The paper is structured as follows: Following the introduction, Section 2 addresses the measurement methods and the discussion about existing decision-making criteria for classifying samples as acceptable (OK) or unacceptable (NOK) under the manufacturing conditions of an automotive sunroof system producer. It also describes the experiment and the proposed evaluation method. Section 3 provides a detailed description of DC motor design and the experimental procedure. Section 4 presents the experimental results. Section 5 focuses on the experimental modification of a selected NOK sample to minimize NVH characteristics based on the findings of prior analyses. Finally, Section 6 analyzes the measurement results of modified samples.

2. Experimental Methodology, TSA Method, Decision-Making Criteria

As part of the study, a group of two OK samples exhibiting acceptable NVH characteristics and two NOK samples classified as unacceptable in terms of NVH was analyzed, selected from a larger set of analyzed samples. The decision-making criteria for determining whether a sample is acceptable or not was based on both objective and subjective evaluations.

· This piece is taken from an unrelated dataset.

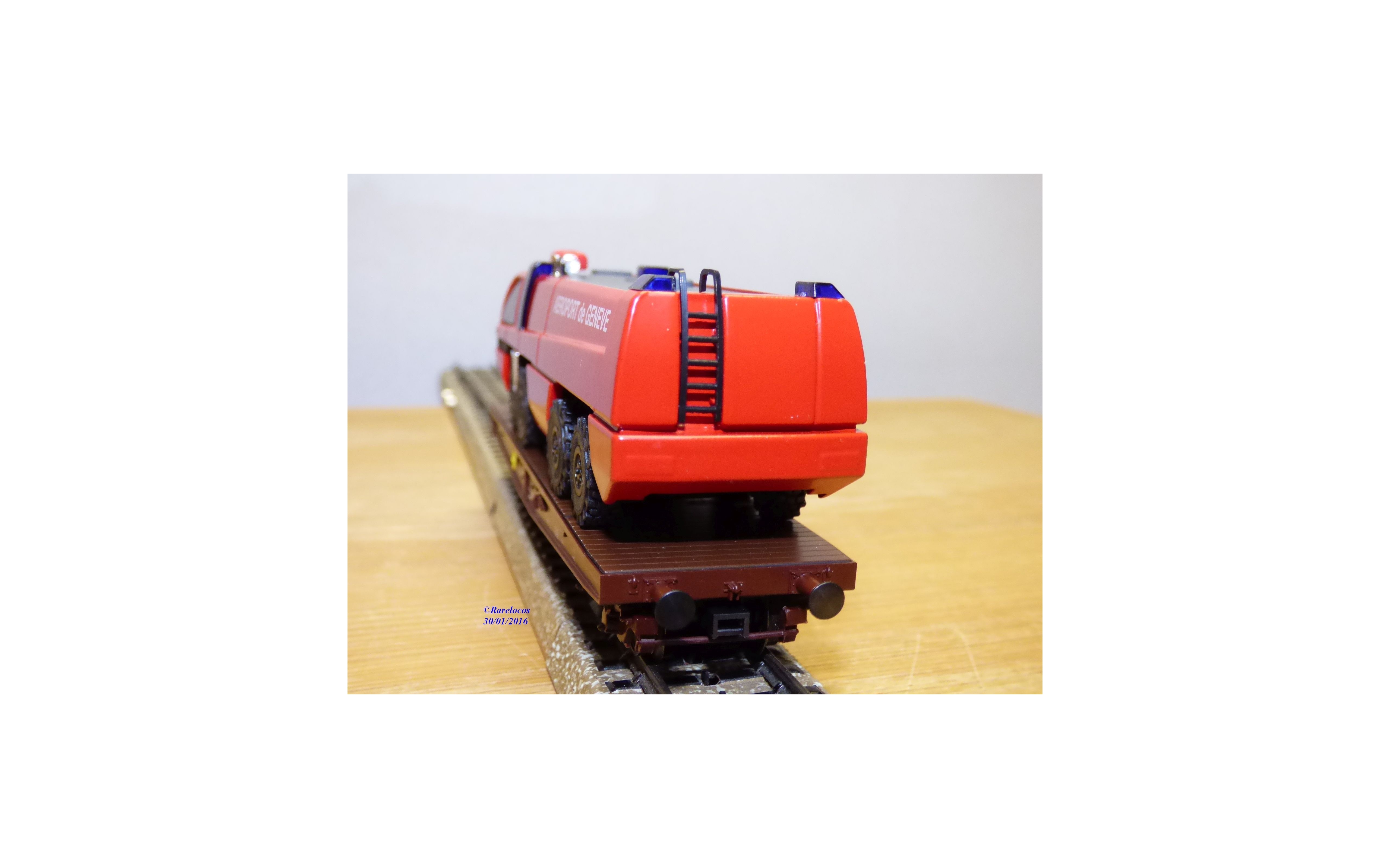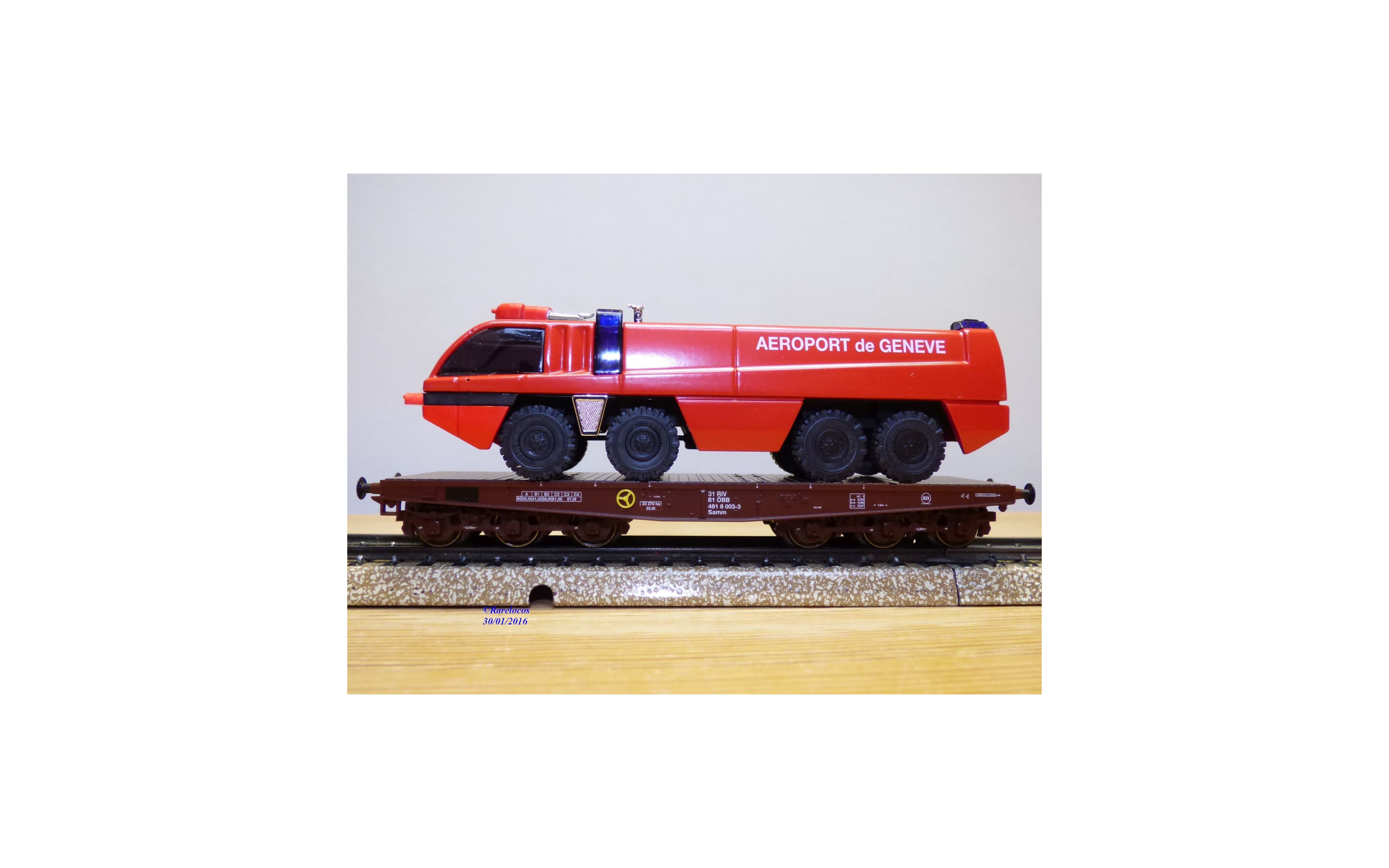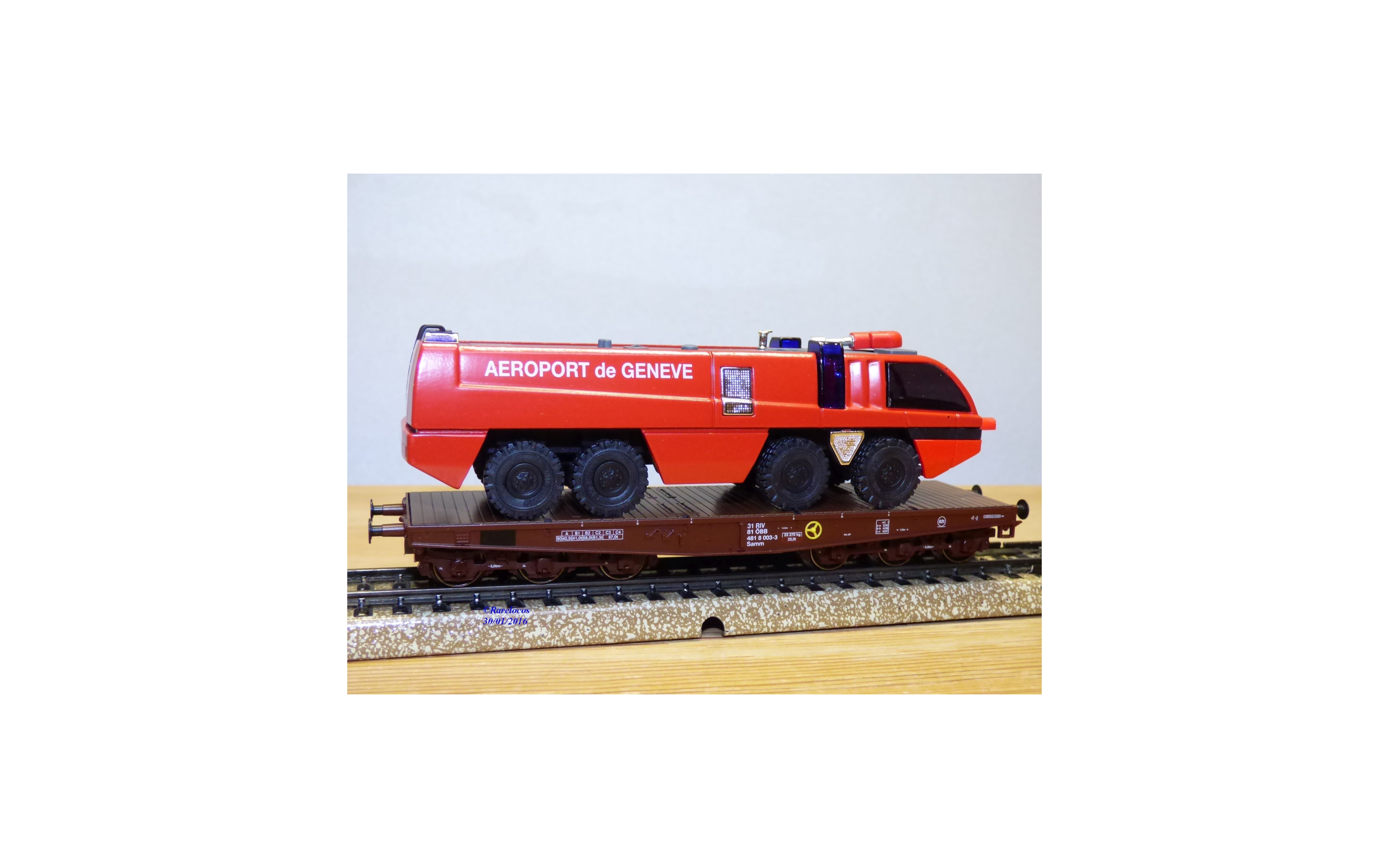 Wagon plat à ranchers pour charges lourdes à 2 bogies de 3 essieux type Samm des chemins de fer autrichiens (ÖBB), wagon en métal, chargement d' un camion de pompiers ( Cursor ) aux couleurs de l' aéroport de Genève, attelages et pièces de détaillage encore scellés, notice présente, boîte d'origine en état neuf.

Objective evaluation involved analyzing outputs from Frequency Response Functions (FRFs) of acceleration or acoustic pressure, with defined permissible thresholds for acceleration and acoustic pressure values. Subjective evaluation was carried out by assessing audible noise, considering human perception.

Figure 1 compares the Welch PSD estimates of acceleration responses for selected OK and NOK samples. The most critical NVH frequency range is identified as 0–1000 Hz. It is evident that defining objective criteria for distinguishing OK and NOK samples based solely on PSD is challenging. Notably, in this case, the RMS value of the measured signal for the OK sample is approximately 10% higher than that of the NOK sample.

Four OK samples (Figure 2a) and four NOK samples (Figure 2b) were further compared using spectrograms. Differences in vibration amplitudes at various harmonic multiples of the fundamental frequency were observed between OK and NOK samples. It is important to emphasize that these differences are not only present between the OK and NOK categories but also among individual samples within the same category, whether OK or NOK. The most significant differences were observed at harmonic multiples in the range of 600 to 900 Hz.

The presented evaluation approaches based on frequency response of accelerations and FFT analysis serve as fundamental tools for NVH analysis, providing an overview of its characteristics. However, the signals measured from the samples contain not only periodic components but also non-periodic ones, such as random noise or interactions with other components. Given this, the basic tools lack a methodology for clear and objective differentiation between OK and NOK samples. Additionally, they do not reliably identify the causes of elevated NVH levels.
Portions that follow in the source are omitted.